## [What is needed]
For every line below, output the text exactly and leave out images.

## [Information supplied]
---+---
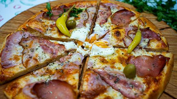 Pelat, kačkavalj, pečurke, šunka, jaje, feferoni, masline, origano
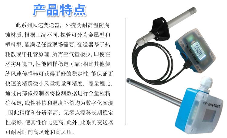 本公司系列风速变送器是准确通风控制领域则量风速的理想选择,主要应用于商业楼宇和节能建筑的BA系统中 它以创新的热膜风速计为工作原理,所使用的薄膜敏感元件在低风速时仍保持高精度,这与利用一般温度传感器技术或热敏电阻技术的传统风速计相比,具有更加明显的技术优势。而且薄膜敏感元件对灰尘和污垢的敏感度相对较低,这样测量就更加可 靠,且维护成本更低,耗电少,适用范围广。
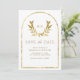 Incêndio aos seus convidados com este elegante casamento Salve a data com um belo galho de folhas de ouro. Basta adicionar os detalhes do seu evento neste modelo fácil de usar e enfeitar este cartão com a sua foto favorita para torná-lo um Cartão único para guardar a data.
---+---
## [Result of this task]
 Pelat, kačkavalj, pečurke, šunka, jaje, feferoni, masline, origano
 本公司系列风速变送器是准确通风控制领域则量风速的理想选择,主要应用于商业楼宇和节能建筑的BA系统中 它以创新的热膜风速计为工作原理,所使用的薄膜敏感元件在低风速时仍保持高精度,这与利用一般温度传感器技术或热敏电阻技术的传统风速计相比,具有更加明显的技术优势。而且薄膜敏感元件对灰尘和污垢的敏感度相对较低,这样测量就更加可 靠,且维护成本更低,耗电少,适用范围广。
 Incêndio aos seus convidados com este elegante casamento Salve a data com um belo galho de folhas de ouro. Basta adicionar os detalhes do seu evento neste modelo fácil de usar e enfeitar este cartão com a sua foto favorita para torná-lo um Cartão único para guardar a data.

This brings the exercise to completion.